The nurse, who is crazy about the doctor, discovers that he is having a secret affair with another nurse, from the adjacent ward. At the same time she finds out that she is pregnant. Her face is washed with tears, but it only adds to her beauty. The nurse is seriously considering suicide, as she desperately drives along the Seine. He’s a pig, unworthy of her love, that must be the moral of the story. I skip to the last page. Instead of her white uniform, she is wearing a white wedding dress. Bride and groom are kissing, mouth on mouth, in front of all their guests. Like in films, the kiss is lengthy, reproduced in close-ups taken from different angles. What about that other nurse, from the other ward? I read the story from the end backwards, and once again, from beginning to end. As its name suggests, the star in Nous-Deux is the couple, and all third parties must eventually leave the stage. I wonder why it is only Arabic, then, which differentiates the dual from the plural and accords to them a separate grammatical construction. My eyes close, the magazine falls from my hands. Mlle Capdevielle suddenly appears, hugging the man who was talking to Laurence’s mother today. Our French teacher is getting married to him, but he is a doctor and they are sending him off to the front on the very day of their wedding. My thoughts swing between sleep and wakefulness. My daydreams are hijacked by the night.
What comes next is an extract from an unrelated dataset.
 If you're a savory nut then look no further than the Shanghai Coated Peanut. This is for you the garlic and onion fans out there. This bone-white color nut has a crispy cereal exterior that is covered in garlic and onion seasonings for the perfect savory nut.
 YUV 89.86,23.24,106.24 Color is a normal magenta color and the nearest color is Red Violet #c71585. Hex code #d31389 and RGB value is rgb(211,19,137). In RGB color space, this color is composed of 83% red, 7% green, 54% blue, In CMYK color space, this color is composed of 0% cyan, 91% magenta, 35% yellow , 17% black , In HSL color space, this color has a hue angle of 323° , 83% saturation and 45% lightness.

By the time I hear our guests saying goodbye, my characters seem so remote that I no longer recognise them. What follows is running out of my control, and the last sentence cannot possibly have been the product of my mind.
Mlle Capdevielle is saying that as long as he is away, the dual form will never pass her lips.
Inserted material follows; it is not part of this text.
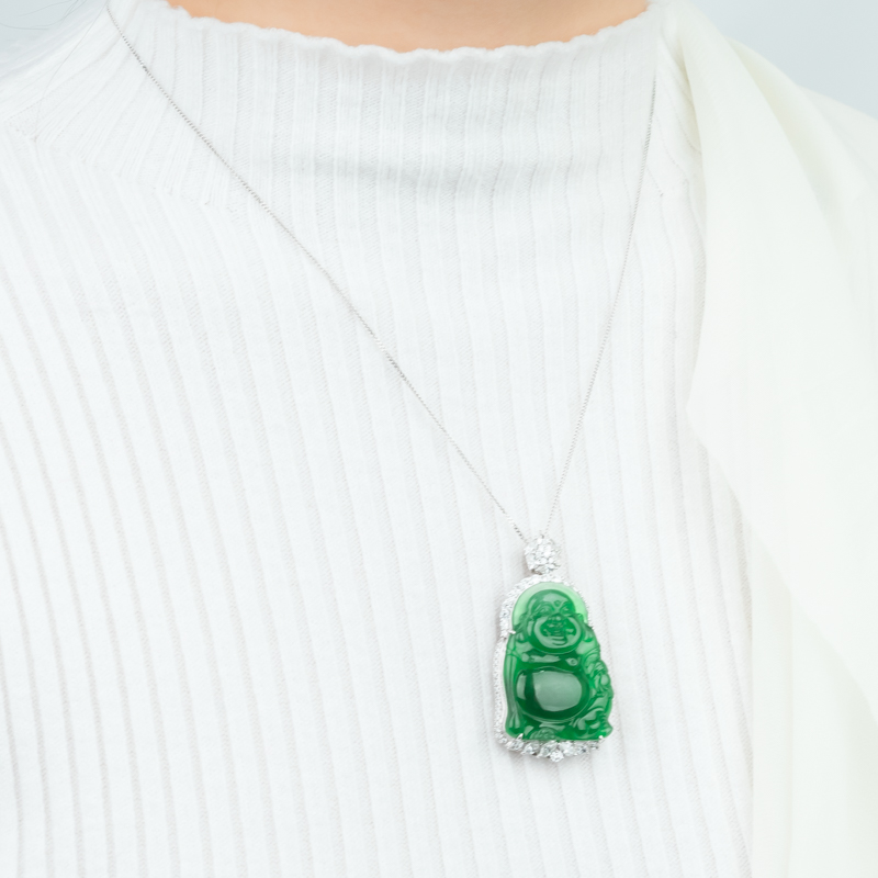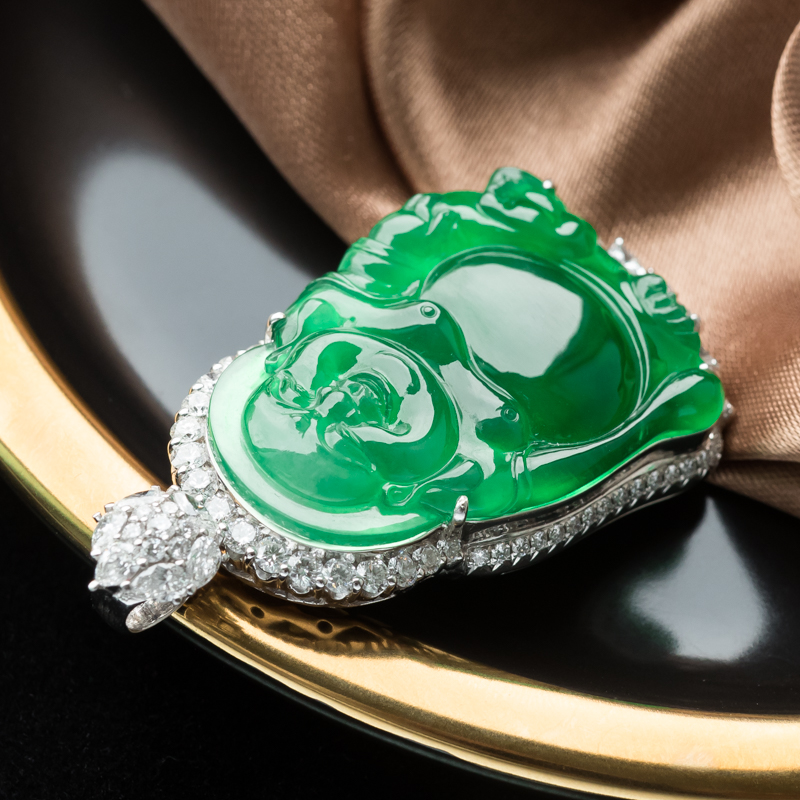 • 18K冰种阳绿翡翠弥勒佛吊坠

Radio Baghdad wakes me up the next morning, pelting insults at Britain and the United States, accusing the two countries of a conspiracy against the Arabs, and of direct intervention in the war in favour of Israel.
—Y
ou’ll have to go under the staircase next time you listen to the BBC, I tease Shuli at the breakfast table.
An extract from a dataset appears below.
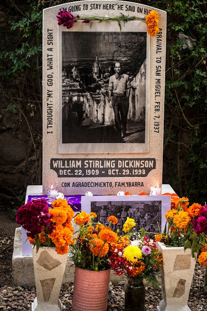 Stew and I began visiting the expat section several years ago, when we used to attend the Community Church of San Miguel, an English-speaking congregation, which organizes visits to this part of the cemetery on the Day of the Dead, ostensibly to clean up and decorate the gravesites, though in reality the area is so fastidiously maintained there’s really no need.
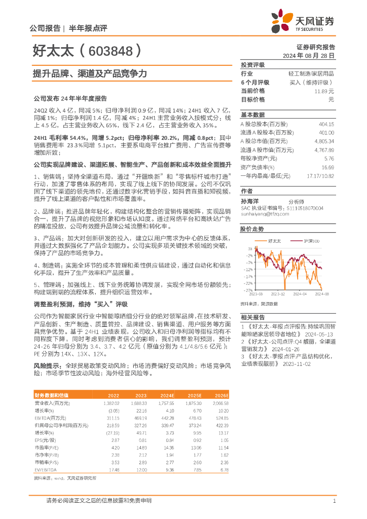 天风证券:好太太(603848)-提升品牌、渠道及产品竞争力.pdf

—You’ll have to keep clear of your English darling, he replies with a sly smile. Otherwise they’ll accuse you of espionage for the British enemy.
—Don’t be silly, we’re only children.
—No, you aren’t, mother retorts.
—She behaves like one though, Shuli says.
—Stop this persecution, you two! I cry out.
Mother and Shuli gaze at each other, open-mouthed. Have I misused the word? Was I rude to mother? Shuli bursts into laughter. He is just having fun at my expense, I assume, whereas mother is definitely using the war to separate me from Laurence. She has been growing ill at ease with our friendship lately, and has on several occasions maintained that, at thirteen, girls should no longer be playing with boys. I try to catch father’s eye, but he is immersed in the bowl of cornflakes before him. If only some important news were broadcast right now, then the Laurence issue might be postponed for a while.
Father wipes his mouth with a napkin.
—Children or not, you might well put ideas into some informer’s head. Stay away from Laurence, will you? – just to be on the safe side. He’s a reasonable kid, I’m sure he’ll understand. Don’t play with him, don’t speak to him – not in the street, not at his place, and certainly not here. Is that clear?
As clear as the end of my world.
—And the telephone, is it also … forbidden, dangerous I mean?
—Don’t haggle, daughter, not in such matters. I said don’t speak to him? Don’t speak to him. Period.